FCC reinstates net neutrality regulation of broadband

The impacts on monetizing 5G network slicing remain to be seen

The Federal Communications Commission voted along party lines to reinstate Obama-era Title II telecommunications regulation of broadband services, also known as net neutrality rules.

“Broadband is now an essential service. Essential services—the ones we count on in every aspect of modern life—have some basic oversight,” said FCC Chairwoman Jessica Rosenworcel. She went on to add: “After the last FCC took away these policies despite broad public opposition, a curious thing happened. When Washington stepped out, California rode in with its own open internet regime. Other states, too. All in all, nearly a dozen put net neutrality rules into state law, executive orders, and contracting policies. So in effect, we have net neutrality policies that providers are abiding by right now in this country—they are just coming from Sacramento and places like it. I think in a modern digital economy we should have a national net neutrality policy and make clear the Nation’s expert on communications has the ability to act when it comes to broadband.”

FCC Commissioner Geoffrey Starks, a Democrat, said that the restoration of net neutrality regulation is “is about ensuring that each and every American can use their broadband subscription to access the legal content of their choosing. It is about empowering consumers to control how they experience the Internet while ensuring that their provider isn’t impeding, blocking, favoring, or prioritizing certain content.

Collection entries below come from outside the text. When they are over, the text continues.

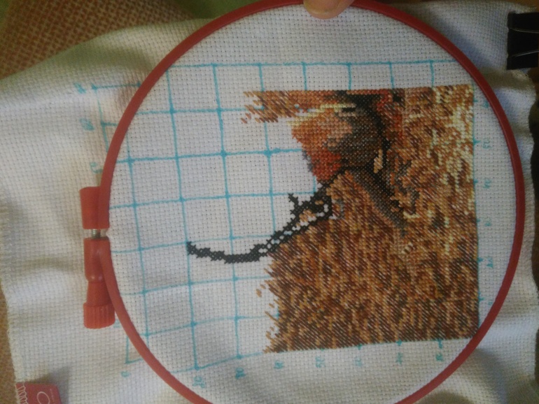 Продвижения у меня скромные, вечеров практически нет, маму перевили на другой режим работы, теперь у меня после работы времени практически не остается, забираю детей, завожу домой кормлю, оставляю мужу присматривать, собираюсь, еду за мамой, забираю ее в 19:00, едем домой, пока приехали, чай попили,уже дело к пол девятому, моем детей и спать, так что на вышивку только выходные, а там домашние дела, как и у всех никто не отменял.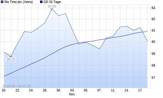 Mit dem Rücksetzer auf 60,02 EUR hat die Rio Tinto plc-Aktie am 18.11.2025 die 20-Tage-Linie nach unten gekreuzt.Die Rio Tinto plc-Aktie befindet sich seit dem 25.09.2025 im langfristigen ...weiterlesen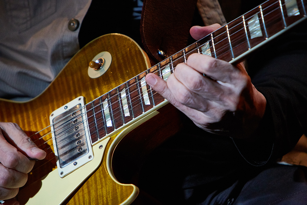 - レスポールを何本も、人のも含めて弾いてきたけれども、けっこう個体差があるなと思っていて、その中では(メインのレスポール・クラシック・プラスと今回弾いたレスポールが)ちょっと似たところがありますね。さっき言った1弦から6弦までのバランスがすごく揃っているので、そういう意味では弾きやすいですね。

It is about ensuring that broadband, the foundation for so many interactions every day, has real oversight.”

FCC Commissioner Anna Gomez, the most recent addition to the Commission, characterized the action as one that would “reinstate appropriate guardrails to ensure that this critical conduit remains accessible and secure for all.”

However, the action to restore the FCC’s authority to regulate broadband services under Title II classification will have to survive legal challenges, which are all but certain.

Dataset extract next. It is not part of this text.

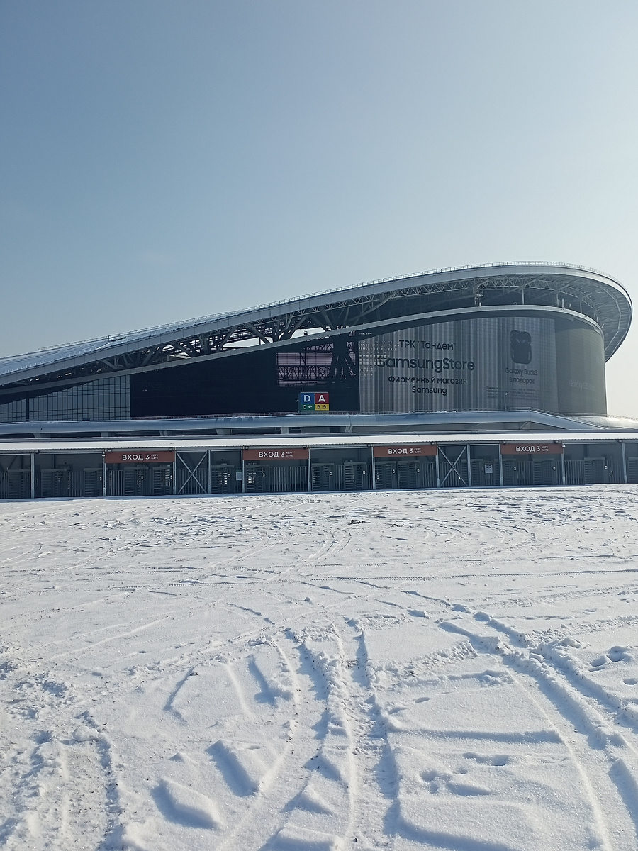 Это стадион Казань - арена. Чтобы туда попасть с улицы задней части здания,нужно обойти несколько километров. Ограждение из железного забора,напоминающего тюрьму. Один вход и выход с надзирателями и обязательным проходом в РМ. Подумайте ,что будет ,если случится пожар. Люди не смогут выбраться,потому что все двери заблокированы и сотрудников раз два и обчелся.,и то эти сотрудники ни за что не отвечают,им кайфово геноцидить людей и пропускать через тюремные ограждения. У них лица как у настоящих надзирателей- жестокие и непреклонные. Это Россия в лице настоящего времени.

Republican Commissioner Brendan Carr called the move a “power grab” with a “laundry list of bogus justifications.

“Few of them rely on actual evidence. Virtually none point to real problems. All fall apart under casual scrutiny. Indeed, it’s not even clear the FCC believes the reasons it offers today for Title II,” argued Carr. He went on to say: “Uncertainty riddles every aspect of this Order. Will consumers pay new broadband taxes? Not today, but maybe tomorrow. Can ISPs offer customized plans for consumers with unique data, speed, or cost needs? Possibly, but it depends. What about intelligent networks to prevent congestion? Sure, but only if a handful of indeterminate factors are met. Does the FCC intend to issue new regulations? Definitely, but you will have to wait and see what the agency does.” He dissented from the decision but added:” I am confident that we will right the ship. And I am certain that the courts will overturn this unlawful power grab.”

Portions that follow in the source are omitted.